- Aim of the task
Transcribe exactly the lines below that begin at the line with "Het perceel waarop" and stop after the line with "Elaborado mediante vendimia", leaving out every picture.

- Exercise data
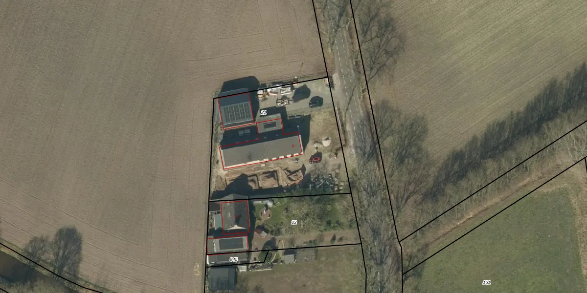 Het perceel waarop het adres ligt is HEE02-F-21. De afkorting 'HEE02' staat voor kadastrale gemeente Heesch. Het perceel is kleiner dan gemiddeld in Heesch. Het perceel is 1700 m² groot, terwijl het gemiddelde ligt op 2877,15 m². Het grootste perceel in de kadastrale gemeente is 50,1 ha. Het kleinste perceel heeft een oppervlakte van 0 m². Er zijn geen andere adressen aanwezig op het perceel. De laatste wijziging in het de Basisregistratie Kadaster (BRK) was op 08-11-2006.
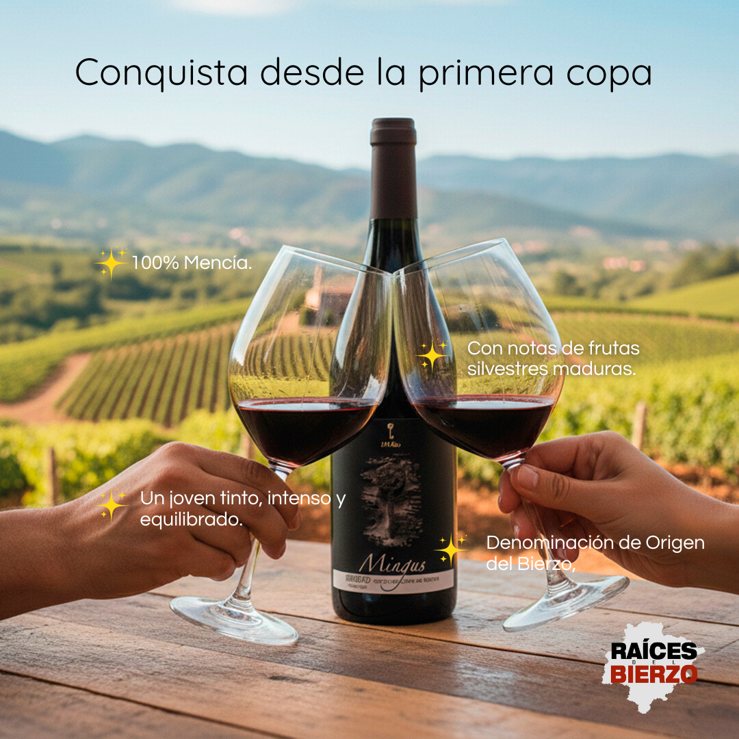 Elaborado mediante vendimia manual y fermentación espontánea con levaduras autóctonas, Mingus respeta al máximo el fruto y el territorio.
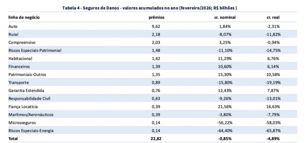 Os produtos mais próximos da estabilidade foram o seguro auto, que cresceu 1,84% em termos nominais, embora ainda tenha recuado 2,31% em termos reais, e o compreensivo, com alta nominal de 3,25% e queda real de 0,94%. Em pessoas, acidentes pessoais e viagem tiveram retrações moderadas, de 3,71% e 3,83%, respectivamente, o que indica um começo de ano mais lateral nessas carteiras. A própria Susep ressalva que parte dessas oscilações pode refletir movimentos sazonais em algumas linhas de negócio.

--

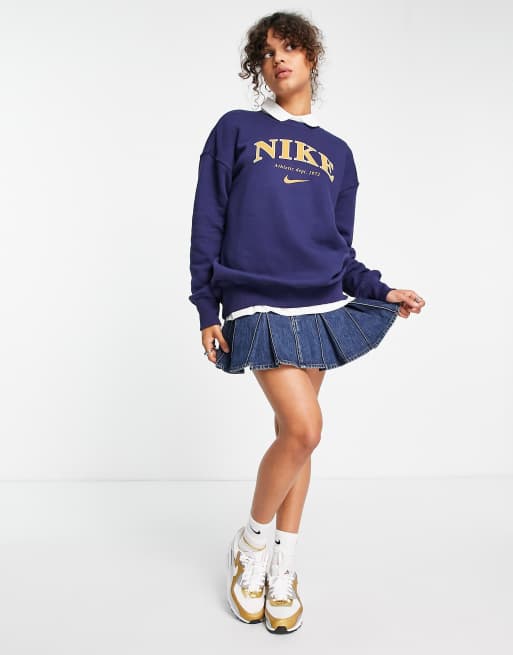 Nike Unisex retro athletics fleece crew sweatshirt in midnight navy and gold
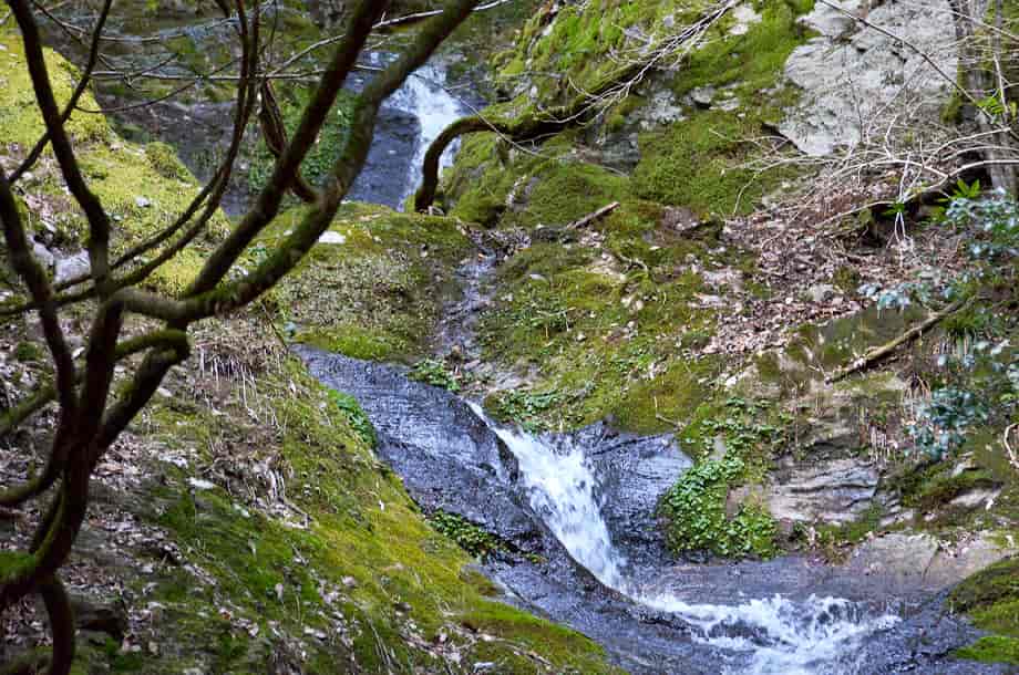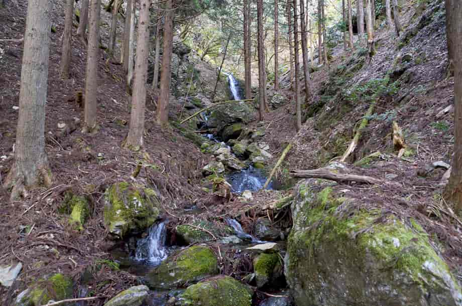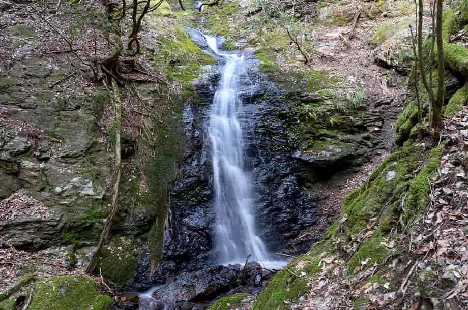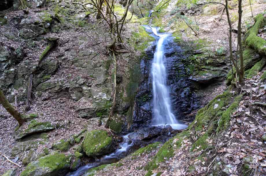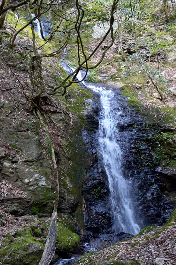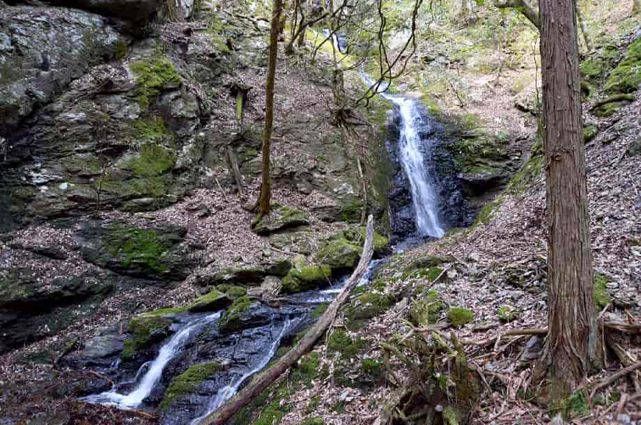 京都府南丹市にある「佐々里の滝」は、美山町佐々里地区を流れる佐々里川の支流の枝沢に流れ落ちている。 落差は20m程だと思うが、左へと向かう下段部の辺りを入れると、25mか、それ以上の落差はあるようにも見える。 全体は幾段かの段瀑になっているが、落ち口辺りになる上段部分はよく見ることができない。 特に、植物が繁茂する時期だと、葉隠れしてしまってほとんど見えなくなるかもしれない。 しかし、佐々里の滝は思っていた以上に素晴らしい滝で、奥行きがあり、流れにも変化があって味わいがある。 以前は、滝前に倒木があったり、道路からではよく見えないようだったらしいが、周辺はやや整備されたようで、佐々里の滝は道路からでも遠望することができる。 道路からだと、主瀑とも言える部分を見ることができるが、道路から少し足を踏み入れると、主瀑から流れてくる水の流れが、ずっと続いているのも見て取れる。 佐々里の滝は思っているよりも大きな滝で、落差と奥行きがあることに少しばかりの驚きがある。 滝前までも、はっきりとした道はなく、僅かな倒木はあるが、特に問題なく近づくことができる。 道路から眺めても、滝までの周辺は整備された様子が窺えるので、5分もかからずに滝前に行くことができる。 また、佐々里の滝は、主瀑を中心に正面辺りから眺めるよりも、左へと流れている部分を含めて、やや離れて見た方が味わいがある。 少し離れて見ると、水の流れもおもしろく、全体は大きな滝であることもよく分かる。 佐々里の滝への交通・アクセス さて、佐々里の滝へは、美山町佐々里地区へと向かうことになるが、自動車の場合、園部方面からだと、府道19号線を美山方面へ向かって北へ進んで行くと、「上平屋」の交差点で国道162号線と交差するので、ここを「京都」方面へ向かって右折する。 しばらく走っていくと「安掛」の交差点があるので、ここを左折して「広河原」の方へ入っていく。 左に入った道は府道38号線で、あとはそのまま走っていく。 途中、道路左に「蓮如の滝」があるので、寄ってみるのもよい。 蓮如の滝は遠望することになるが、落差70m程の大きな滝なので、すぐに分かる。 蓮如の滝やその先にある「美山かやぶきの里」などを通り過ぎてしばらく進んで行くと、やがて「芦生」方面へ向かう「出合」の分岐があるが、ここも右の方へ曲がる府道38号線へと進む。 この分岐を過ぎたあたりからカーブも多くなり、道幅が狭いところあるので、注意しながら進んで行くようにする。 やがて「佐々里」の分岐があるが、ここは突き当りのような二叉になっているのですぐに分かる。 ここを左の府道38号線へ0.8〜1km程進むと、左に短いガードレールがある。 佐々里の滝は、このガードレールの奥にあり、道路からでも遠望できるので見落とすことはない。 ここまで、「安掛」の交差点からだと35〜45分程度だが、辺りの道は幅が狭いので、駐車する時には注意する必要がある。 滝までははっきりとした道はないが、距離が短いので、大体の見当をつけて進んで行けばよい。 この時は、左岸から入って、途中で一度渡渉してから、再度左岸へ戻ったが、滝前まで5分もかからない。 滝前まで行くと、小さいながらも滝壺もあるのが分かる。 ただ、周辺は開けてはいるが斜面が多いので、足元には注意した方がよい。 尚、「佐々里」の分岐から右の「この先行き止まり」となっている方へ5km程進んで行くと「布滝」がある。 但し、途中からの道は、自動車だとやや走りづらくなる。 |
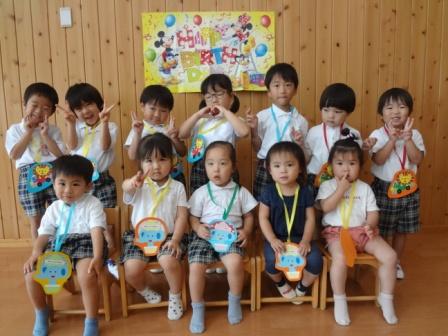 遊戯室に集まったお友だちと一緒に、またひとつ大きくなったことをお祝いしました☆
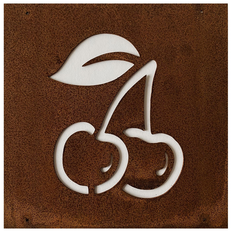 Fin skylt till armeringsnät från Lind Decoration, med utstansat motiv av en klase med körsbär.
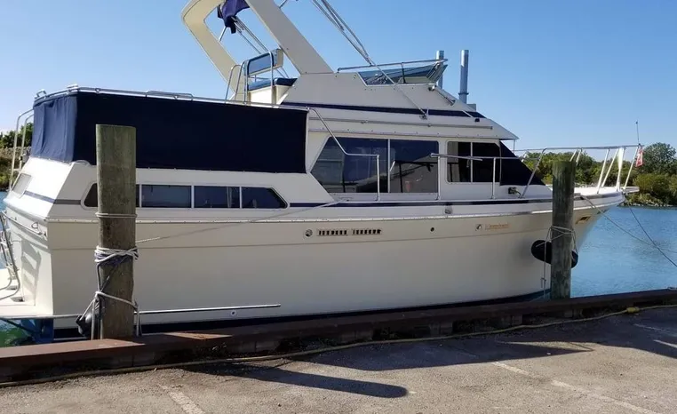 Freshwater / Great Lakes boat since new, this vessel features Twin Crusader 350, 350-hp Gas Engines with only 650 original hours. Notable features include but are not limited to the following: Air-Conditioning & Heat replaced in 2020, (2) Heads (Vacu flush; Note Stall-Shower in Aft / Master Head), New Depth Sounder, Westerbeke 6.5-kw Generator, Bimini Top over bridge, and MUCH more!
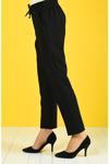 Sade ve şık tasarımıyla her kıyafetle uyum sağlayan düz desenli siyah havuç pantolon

...

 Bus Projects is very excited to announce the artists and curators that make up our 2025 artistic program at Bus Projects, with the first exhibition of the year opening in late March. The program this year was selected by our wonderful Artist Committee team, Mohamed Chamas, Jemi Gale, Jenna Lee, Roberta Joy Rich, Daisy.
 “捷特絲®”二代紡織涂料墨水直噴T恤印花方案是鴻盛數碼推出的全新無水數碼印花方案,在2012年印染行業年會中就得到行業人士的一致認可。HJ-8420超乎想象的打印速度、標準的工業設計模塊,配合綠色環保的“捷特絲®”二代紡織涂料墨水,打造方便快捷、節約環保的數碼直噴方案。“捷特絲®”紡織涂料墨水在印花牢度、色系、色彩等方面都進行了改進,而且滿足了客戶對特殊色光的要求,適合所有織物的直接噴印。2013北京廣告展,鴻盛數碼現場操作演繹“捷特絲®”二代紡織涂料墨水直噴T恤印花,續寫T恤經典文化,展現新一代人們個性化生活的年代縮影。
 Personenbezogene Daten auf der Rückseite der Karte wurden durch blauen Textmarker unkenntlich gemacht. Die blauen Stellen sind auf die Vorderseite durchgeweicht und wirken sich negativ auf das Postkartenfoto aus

- Solved problem
 Het perceel waarop het adres ligt is HEE02-F-21. De afkorting 'HEE02' staat voor kadastrale gemeente Heesch. Het perceel is kleiner dan gemiddeld in Heesch. Het perceel is 1700 m² groot, terwijl het gemiddelde ligt op 2877,15 m². Het grootste perceel in de kadastrale gemeente is 50,1 ha. Het kleinste perceel heeft een oppervlakte van 0 m². Er zijn geen andere adressen aanwezig op het perceel. De laatste wijziging in het de Basisregistratie Kadaster (BRK) was op 08-11-2006.
 Elaborado mediante vendimia manual y fermentación espontánea con levaduras autóctonas, Mingus respeta al máximo el fruto y el territorio.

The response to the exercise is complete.